Key Takeaways:
- LG Energy Solution's Q2 operating profit plunged 77% to 113 billion won
- The battery maker blamed persistent weakness in electric vehicle demand
- The result signals deepening pressure across the EV supply chain
Key Takeaways:

LG Energy Solution said Tuesday its second-quarter operating profit fell 77% to 113 billion won ($73.9 million), as sluggish electric vehicle demand continued to pressure battery sales.
The company attributed the decline to "continued weak EV demand" in its preliminary earnings release. Full quarterly results, including revenue and net profit, have not yet been disclosed.
The 113 billion won profit compares with 491 billion won in the same period a year earlier, marking the steepest quarterly drop for the battery maker in recent years. The company did not provide revenue figures or guidance in the preliminary statement.

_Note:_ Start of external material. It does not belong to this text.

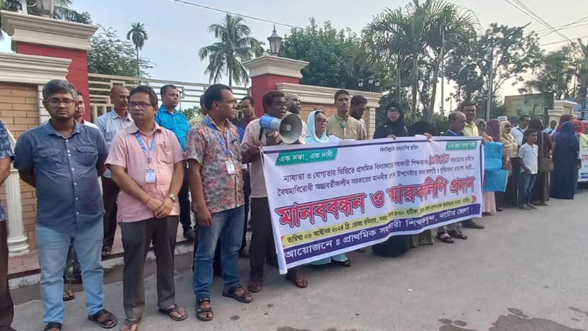 দশম গ্রেডে উন্নীতকরণের দাবিতে নাটোরে সরকারি প্রাথমিক বিদ্যালয়ের সহকারি শিক্ষকদের মানববন্ধন

The profit collapse adds to mounting evidence that the EV slowdown is deepening, with ripple effects across the battery supply chain. LG Energy Solution, which supplies automakers including General Motors, Ford and Tesla, faces a demand environment that shows no signs of near-term improvement.
The warning from LG Energy Solution follows similar signals from peers. Samsung SDI and SK On, South Korea's other major battery makers, have also flagged weakening demand as automakers scale back EV production targets. In China, CATL and BYD's battery division face intensifying price competition amid a glut in battery cell production capacity.
The EV demand slowdown has broad implications for the supply chain. Automakers from Tesla to Ford have cut prices to stimulate sales, compressing margins across the sector. LG Energy Solution's operating margin has narrowed as it grapples with lower factory utilization rates and higher raw material inventory costs, according to people familiar with the matter.
LG Energy Solution shares trade on the KOSPI exchange. The stock has fallen about 35% this year through Monday's close, underperforming the broader South Korean market, as investors priced in weakening demand for battery cells. Analysts at Morgan Stanley and Goldman Sachs have cut their price targets on the stock in recent months, citing the prolonged EV demand downturn.
This article is for informational purposes only and does not constitute investment advice.